REQUIRED WORK> Pictures are to be left out. Return exactly the lines below from the one with "Хотел бы я знать, как" up to and including the one with "Sucede algo mágico.".

--------

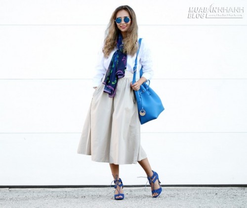 Thanh lịch và cổ điển với váy midi vải thô kết hợp cùng sơ mi trắng. Chủ nhân bộ đồ thể hiện sự tinh tế trong cách ăn mặc khi chọn những phụ kiện đắt giá như sandal buộc dây, kính mắt gương và túi bucket tone xanh để "làm điệu" cho set đồ.
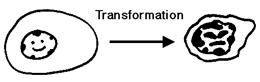 - Some factor, as discussed above, causes a cell to be transformed to a
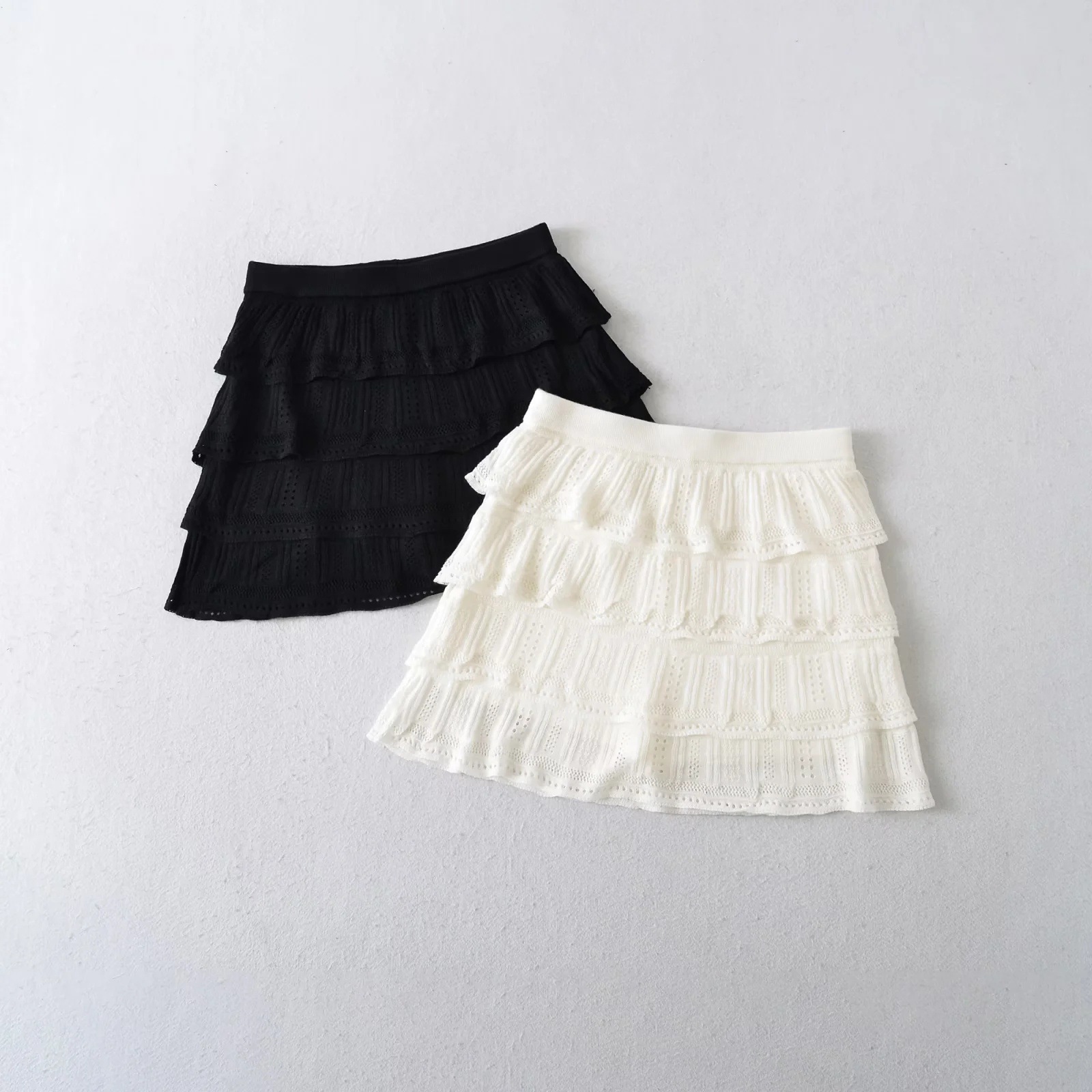 Ins 유럽과 미국 스타일의 핫 소녀 니트 스커트 섹시한 순수한 욕망 하이 웨이스트 슬림 피트 a 라인 케이크 스커트 미니 스커트
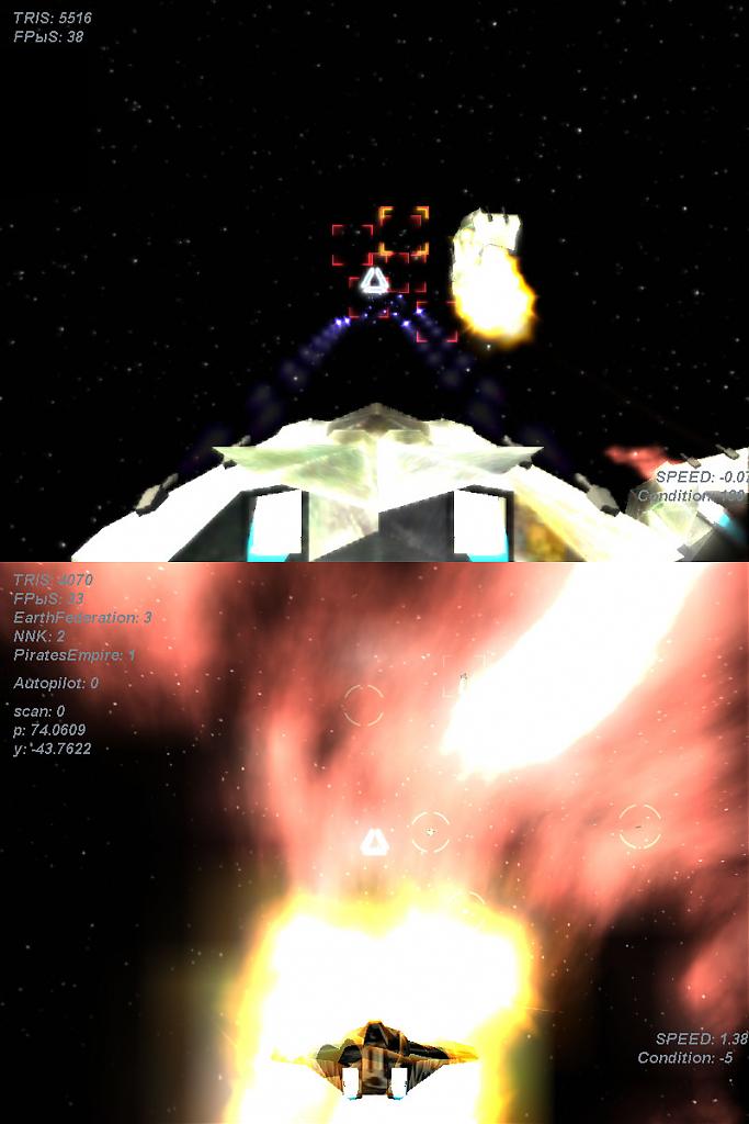 Хотел бы я знать, как "удержания сотен кораблей в битве. Возможно - тысяч" вобще возможно в блитце? Даже при полсотни кораблей с ЛОДом большинство компов загнутся от рассчетов, да еще + если уровень с большими обьектами включается автопоиск выхода, чтобы небыло столкновений с базой, что жрет довольно много.. Можно попробовать симитировать бои в виде бекграунда, но это уже как-то не к стилю..
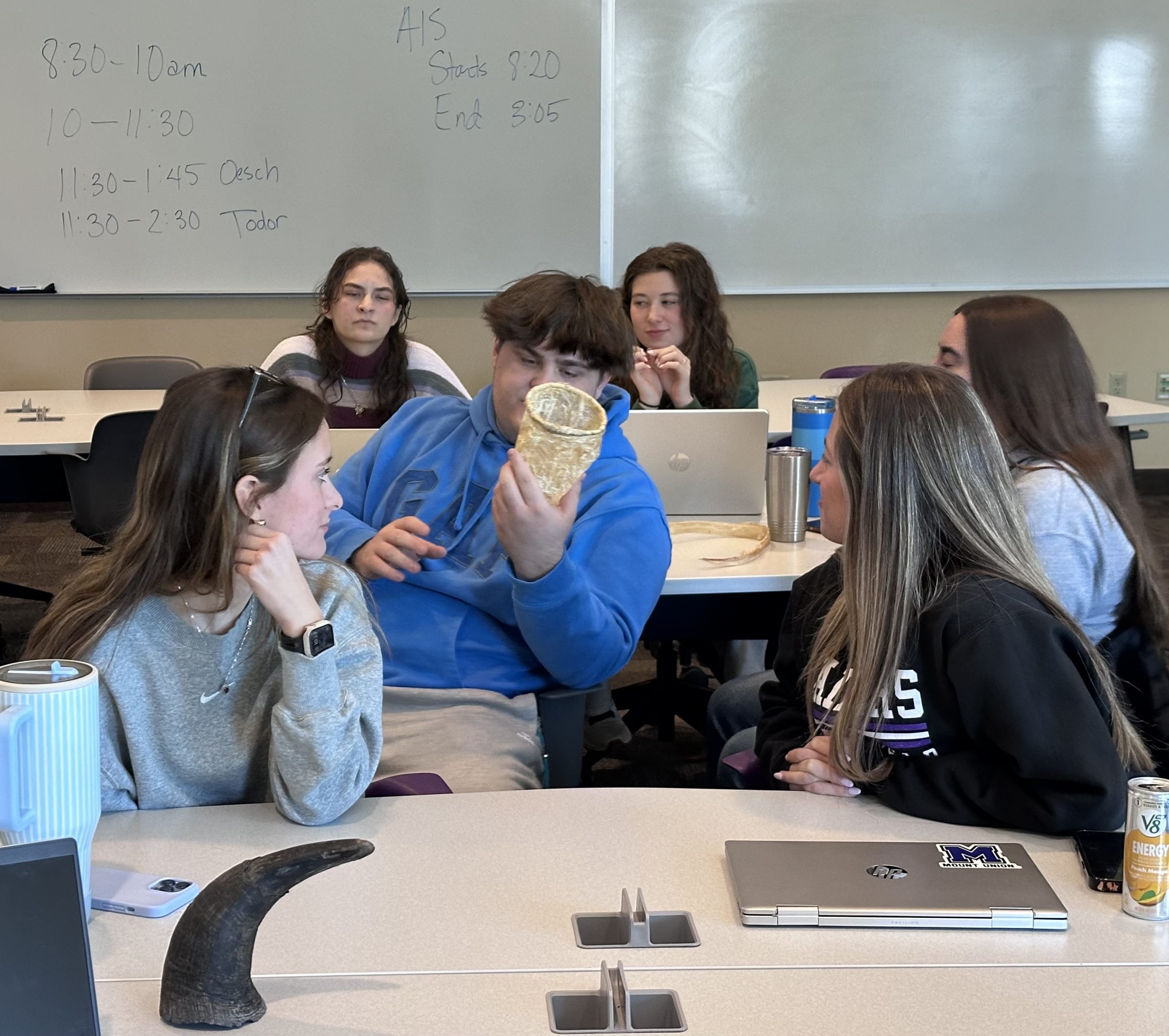 KSU with Buffalo Artifacts & AR Junior level students at Kent State University, Kent, Ohio taking social studies teaching methods from Dr. Scott Durham were getting hands on experience with primary source artifacts about the Northern Cheyenne Tribe. They used Ahtove.org to experience Augmented Reality with Chitat in regalia (first picture – Chitat is 6 ft. tall), researched about artifacts from Randall Tall Bull on the uses of the buffalo (second and third picture), and then touched and talked about the artifacts from the buffalo trunk. Dr, Durham shared about the importance and relevance of using artifacts in social studies instruction as these students were preparing for a future in social studies at the high school level. You can learn more about the Northern Cheyenne Tribe, AR and the Buffalo Trunk HERE. https://ahtove.org/buffalo-trunk/ The Lodge Approach has created educational websites that you can view HERE.https://thelodgeapproach.org/educational-websites
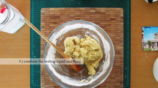Sucede algo mágico. La mezcla hirvienda causar todos los almidones maravillosos en la harina para abrir ad combina la mezcla en una masa semi firme.
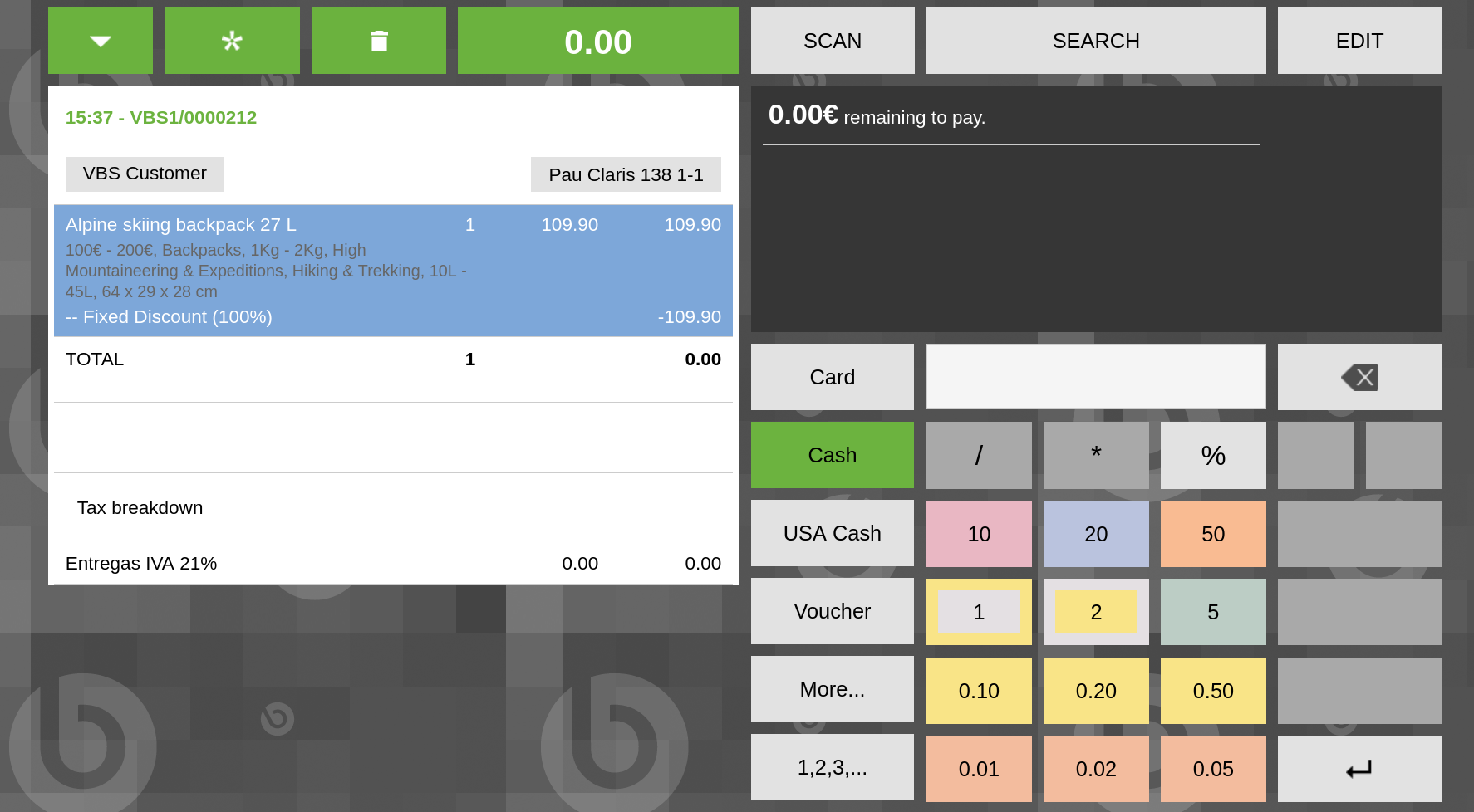 | Steps To Reproduce | 0-In POS Backend, configure the following discount: -- Go to Discounts and Promotions window Click Ctrl + D to create new record Navigate to Header tab Discount type: Fixed Percentage Discount Name: Gift card_Fixed 100% Printed Name: Fixed Discount (100%) Starting date: 01-01-2013 Included Products: Only those defined Discount: 100 Navigate to Products tab Product: Alpine skiing backpack 27 L Click Ctrl + S to save the record -- 1-Login POS as vallblanca. 2-Add 1x Alpine skiing backpack 27 L, click Total Amount button and complete that receipt with no payment required. 3-Add 1x Alpine skiing backpack 27 L. Then, click Total Amount button and realise it is shown "0.00€ remaining to pay." but no buttons appear. | |||||||
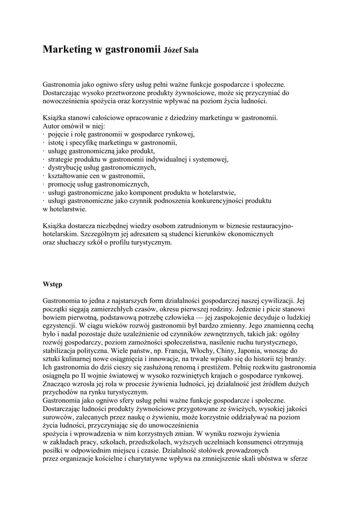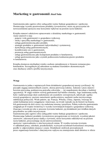 Marketing w gastronomii Józef Sala Gastronomia jako ogniwo sfery usług pełni ważne funkcje gospodarcze i społeczne. Dostarczając wysoko przetworzone produkty żywnościowe, może się przyczyniać do nowocześnienia spożycia oraz korzystnie wpływać na poziom życia ludności. Książka stanowi całościowe opracowanie z dziedziny marketingu w gastronomii. Autor omówił w niej: · pojęcie i rolę gastronomii w gospodarce rynkowej, · istotę i specyfikę marketingu w gastronomii, · usługę gastronomiczną jako produkt, · strategie produktu w gastronomii indywidualnej i systemowej, · dystrybucję usług gastronomicznych, · kształtowanie cen w gastronomii, · promocję usług gastronomicznych, · usługi gastronomiczne jako komponent produktu w hotelarstwie, · usługi gastronomiczne jako czynnik podnoszenia konkurencyjności produktu w hotelarstwie. Książka dostarcza niezbędnej wiedzy osobom zatrudnionym w biznesie restauracyjnohotelarskim. Szczególnym jej adresatem są studenci kierunków ekonomicznych oraz słuchaczy szkół o profilu turystycznym. Wstęp Gastronomia to jedna z najstarszych form działalności gospodarczej naszej cywilizacji. Jej początki sięgają zamierzchłych czasów, okresu pierwszej rodziny. Jedzenie i picie stanowi bowiem pierwotną, podstawową potrzebę człowieka — jej zaspokojenie decyduje o ludzkiej egzystencji. W ciągu wieków rozwój gastronomii był bardzo zmienny. Jego znamienną cechą było i nadal pozostaje duże uzależnienie od czynników zewnętrznych, takich jak: ogólny rozwój gospodarczy, poziom zamożności społeczeństwa, nasilenie ruchu turystycznego, stabilizacja polityczna. Wiele państw, np. Francja, Włochy, Chiny, Japonia, wnosząc do sztuki kulinarnej nowe osiągnięcia i innowacje, na trwałe wpisało się do historii tej branży. Ich gastronomia do dziś cieszy się zasłużoną renomą i prestiżem. Pełnię rozkwitu gastronomia osiągnęła po II wojnie światowej w wysoko rozwiniętych krajach o gospodarce rynkowej. Znacząco wzrosła jej rola w procesie żywienia ludności, jej działalność jest źródłem dużych przychodów na rynku turystycznym. Gastronomia jako ogniwo sfery usług pełni ważne funkcje gospodarcze i społeczne. Dostarczając ludności produkty żywnościowe przygotowane ze świeżych, wysokiej jakości surowców, zalecanych przez naukę o żywieniu, może korzystnie oddziaływać na poziom życia ludności, przyczyniając się do unowocześnienia spożycia i wprowadzenia w nim korzystnych zmian. W wyniku rozwoju żywienia w zakładach pracy, szkołach, przedszkolach, wyższych uczelniach konsumenci otrzymują posiłki w odpowiednim miejscu i czasie. Działalność stołówek prowadzonych przez organizacje kościelne i charytatywne wpływa na zmniejszenie skali ubóstwa w sferze żywienia. Rozwój gastronomii stanowi zatem element napędowy postępu gospodarki żywnościowej w zakresie zarówno przetwórstwa, jak i konsumpcji żywności. W każdej społeczności pożywienie — obok zaspokajania biologicznej potrzeby organizmu — spełnia szersze funkcje społeczne, będąc środkiem utrzymywania określonych stosunków społecznych. Gastronomia, oferując wysokiej jakości posiłki i budzące uznanie programy rozrywkowe, może być źródłem prestiżu. W każdej kulturze istnieją bowiem w zakresie spożycia normy obyczajowe, które są przekazywane z pokolenia na pokolenie. Ludzie jedzą zgodnie z przyjętymi zasadami, zapraszają na wspólny posiłek, umacniając w ten sposób więzi społeczne. Gastronomia odgrywa ważną rolę na rynku turystycznym. Oferując usługi żywieniowe, umożliwia uczestnictwo w turystyce. Jakość usług gastronomicznych ma istotny wpływ na konkurencyjność produktu turystycznego na rynku. Działalność niektórych restauracji może być przedmiotem zainteresowania turystycznego. Przez wiele lat polska gastronomia pozostawała w tyle. Wyraźne dyskryminowanie jej rozwoju w latach 1945–1989 sprawiło, że jej rola w żywieniu ludności pozostawała niewielka, a poziom świadczonych usług był bardzo niski. Dopiero w wyniku rozwoju gospodarki rynkowej zostały stworzone dla gastronomii nowe warunki funkcjonowania i rozwoju. Chociaż w latach 1989–2010 w polskiej gastronomii nastąpiły, niemające precedensu w historii, korzystne zmiany pod względem zarówno wzrostu liczby placówek gastronomicznych, jak i poziomu świadczonych usług, to jednak wśród właścicieli firm i managerów tej branży profesjonalna wiedza o marketingu w gastronomii nie jest zbyt duża. Brakuje doświadczenia w zakresie kształtowania rozwoju gastronomii w warunkach nasilającej się konkurencji oraz badań nad uwarunkowaniami i specyfiką zastosowania instrumentów marketingu. W różnych publikacjach na ten temat problematyka ta jest omawiana fragmentarycznie. Tymczasem w warunkach osiągniętego już poziomu nasycenia siecią placówek gastronomicznych w Polsce manager, chcąc odnieść sukces, powinien dysponować gruntowną wiedzą na temat marketingu w tej branży. Celem opracowania jest przedstawienie istoty i specyfiki instrumentów marketingu w gastronomii oraz ukazanie, jak należy je stosować w tej branży. W pracy przyjęto założenie, że z uwagi na specyficzny charakter działalności w tej gałęzi instrumenty marketingu wymagają odmiennego wdrażania niż na innych rynkach. Książka jest adresowana do studentów szkół o profilu turystycznym, a także wydziałów uczelni zajmujących się problematyką funkcjonowania sektora usług. Może być także przydatna dla osób zatrudnionych w biznesie restauracyjno-hotelarskim. Zawarte w pracy rozważania są rezultatem długoletnich zainteresowań autora tą problematyką. Przygotowując książkę, korzystał on z literatury polskiej i zagranicznej, a także z informacji uzyskanych za pośrednictwem Internetu. Składam serdeczne podziękowania Pani Profesor dr hab. Krystynie Gutkowskiej za wnikliwą

--------

EXERCISE RESULT>
 Хотел бы я знать, как "удержания сотен кораблей в битве. Возможно - тысяч" вобще возможно в блитце? Даже при полсотни кораблей с ЛОДом большинство компов загнутся от рассчетов, да еще + если уровень с большими обьектами включается автопоиск выхода, чтобы небыло столкновений с базой, что жрет довольно много.. Можно попробовать симитировать бои в виде бекграунда, но это уже как-то не к стилю..
 KSU with Buffalo Artifacts & AR Junior level students at Kent State University, Kent, Ohio taking social studies teaching methods from Dr. Scott Durham were getting hands on experience with primary source artifacts about the Northern Cheyenne Tribe. They used Ahtove.org to experience Augmented Reality with Chitat in regalia (first picture – Chitat is 6 ft. tall), researched about artifacts from Randall Tall Bull on the uses of the buffalo (second and third picture), and then touched and talked about the artifacts from the buffalo trunk. Dr, Durham shared about the importance and relevance of using artifacts in social studies instruction as these students were preparing for a future in social studies at the high school level. You can learn more about the Northern Cheyenne Tribe, AR and the Buffalo Trunk HERE. https://ahtove.org/buffalo-trunk/ The Lodge Approach has created educational websites that you can view HERE.https://thelodgeapproach.org/educational-websites
Sucede algo mágico. La mezcla hirvienda causar todos los almidones maravillosos en la harina para abrir ad combina la mezcla en una masa semi firme.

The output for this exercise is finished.